▸ **What this task involves**
Copy, word for word, the lines of the listing below from the line with "Sideshow presents the" up to and including the line with "中央には枝にとまったフクロウ". Drop the pictures.

▸ **Given data**
——————
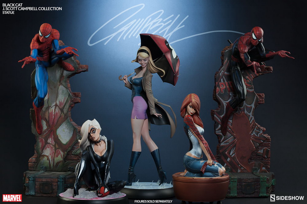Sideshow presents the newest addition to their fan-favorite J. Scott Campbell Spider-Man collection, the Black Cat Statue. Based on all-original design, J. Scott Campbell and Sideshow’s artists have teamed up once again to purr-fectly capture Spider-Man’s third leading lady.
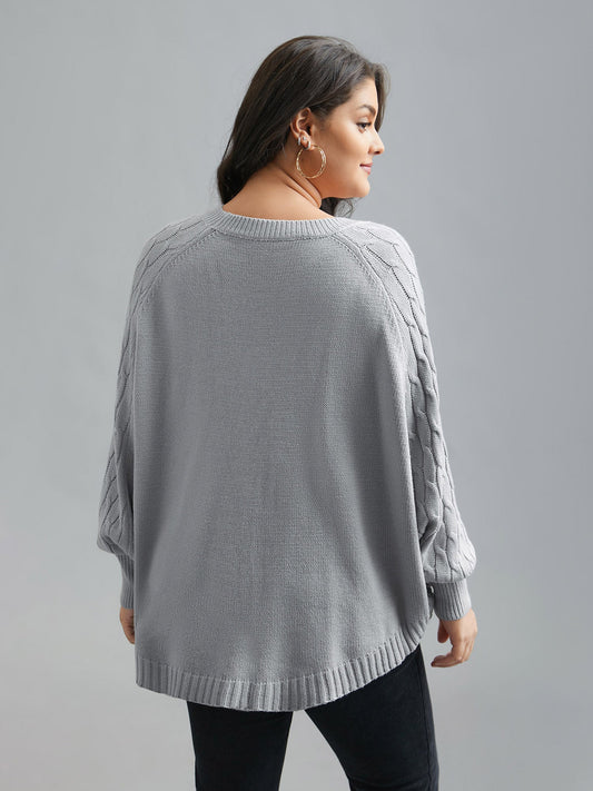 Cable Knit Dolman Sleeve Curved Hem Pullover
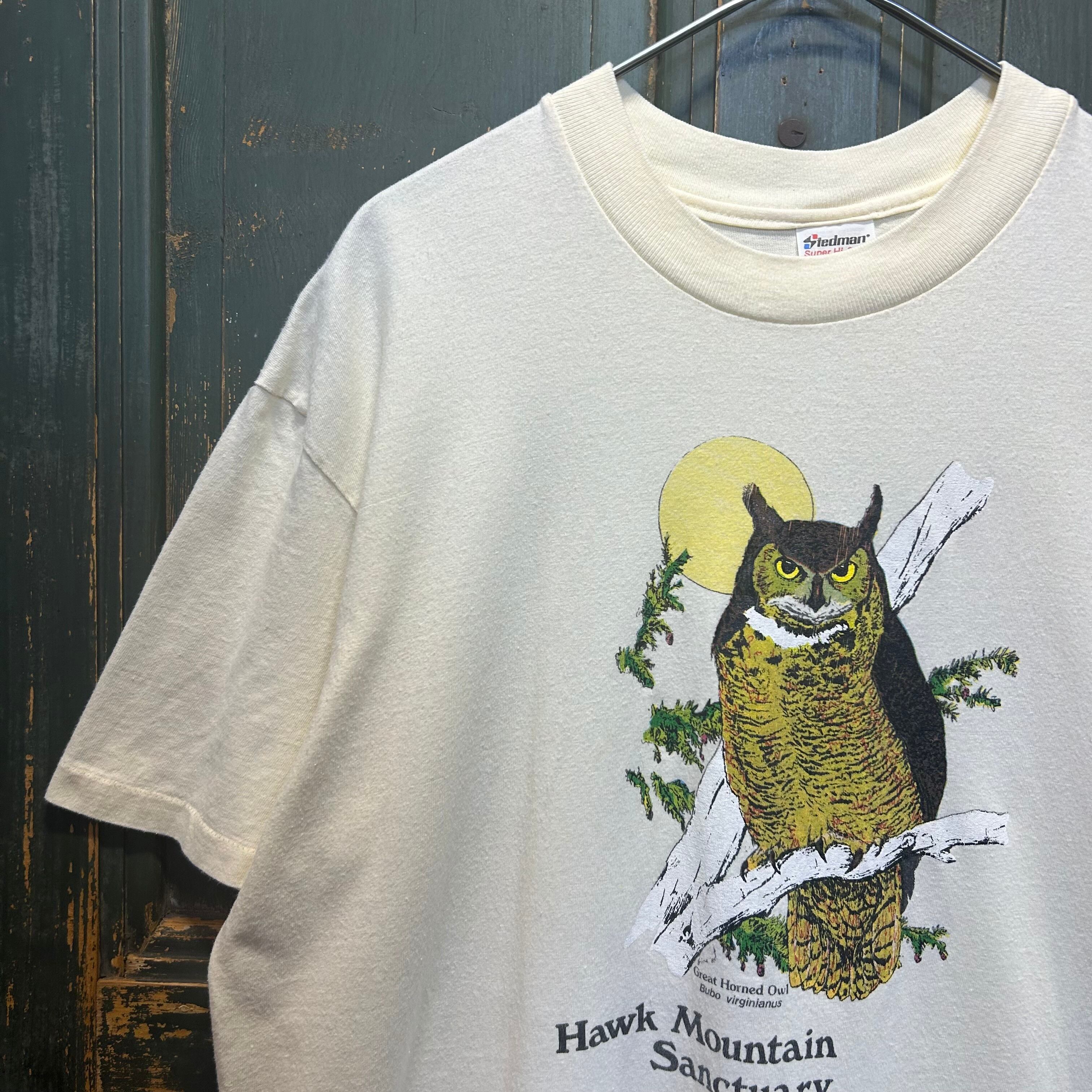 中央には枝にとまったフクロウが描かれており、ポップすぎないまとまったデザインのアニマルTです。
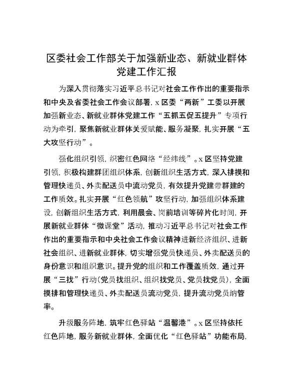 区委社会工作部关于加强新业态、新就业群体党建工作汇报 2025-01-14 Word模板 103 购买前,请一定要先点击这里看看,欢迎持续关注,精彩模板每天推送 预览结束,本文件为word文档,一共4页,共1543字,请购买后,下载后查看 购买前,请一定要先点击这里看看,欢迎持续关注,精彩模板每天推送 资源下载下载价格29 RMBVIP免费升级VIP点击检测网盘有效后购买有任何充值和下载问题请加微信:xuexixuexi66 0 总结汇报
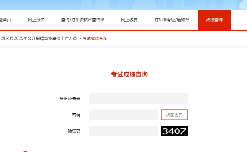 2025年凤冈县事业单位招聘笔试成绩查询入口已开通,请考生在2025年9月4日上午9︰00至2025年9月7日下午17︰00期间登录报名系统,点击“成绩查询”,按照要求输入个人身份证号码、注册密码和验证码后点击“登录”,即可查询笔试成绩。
——————
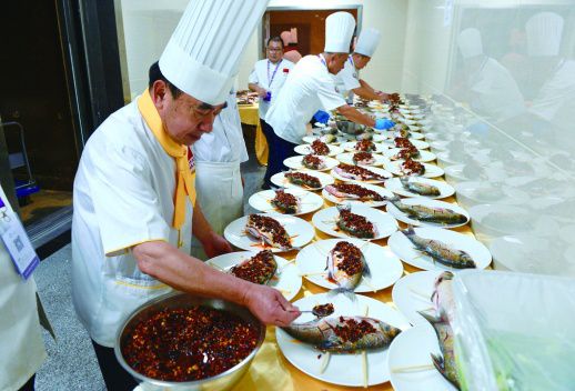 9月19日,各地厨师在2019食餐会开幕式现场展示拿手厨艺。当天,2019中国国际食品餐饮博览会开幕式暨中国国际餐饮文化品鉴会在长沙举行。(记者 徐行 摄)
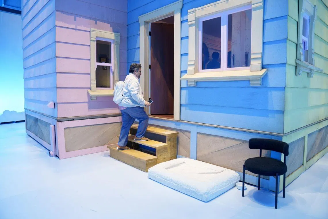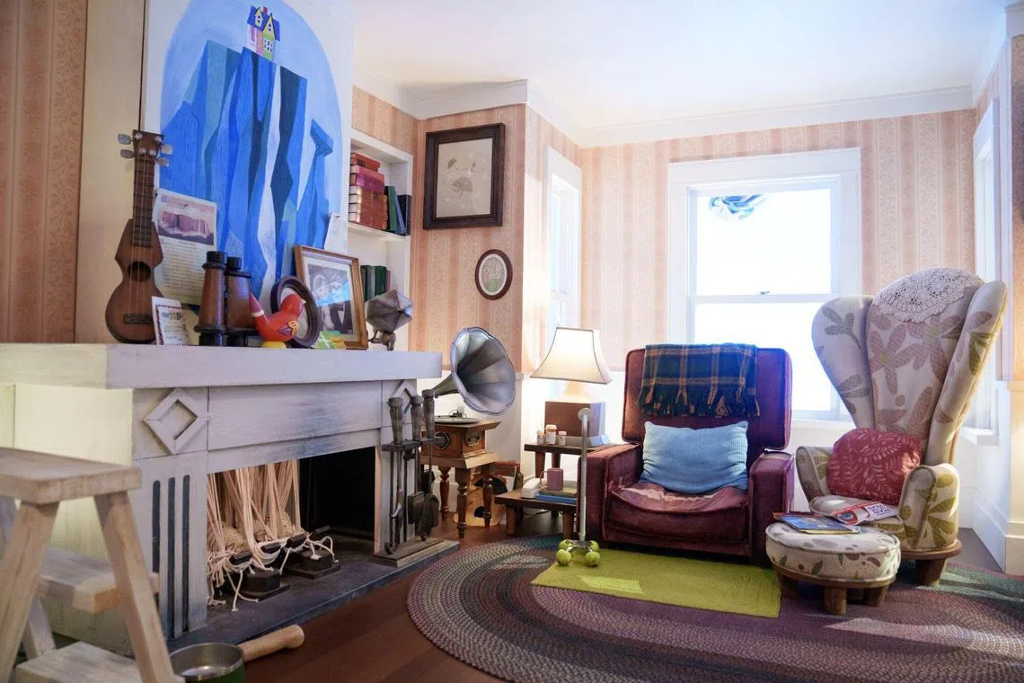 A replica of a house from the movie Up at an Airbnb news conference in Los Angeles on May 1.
——————
▸ **Answer for this exercise**
Sideshow presents the newest addition to their fan-favorite J. Scott Campbell Spider-Man collection, the Black Cat Statue. Based on all-original design, J. Scott Campbell and Sideshow’s artists have teamed up once again to purr-fectly capture Spider-Man’s third leading lady.
 Cable Knit Dolman Sleeve Curved Hem Pullover
 中央には枝にとまったフクロウが描かれており、ポップすぎないまとまったデザインのアニマルTです。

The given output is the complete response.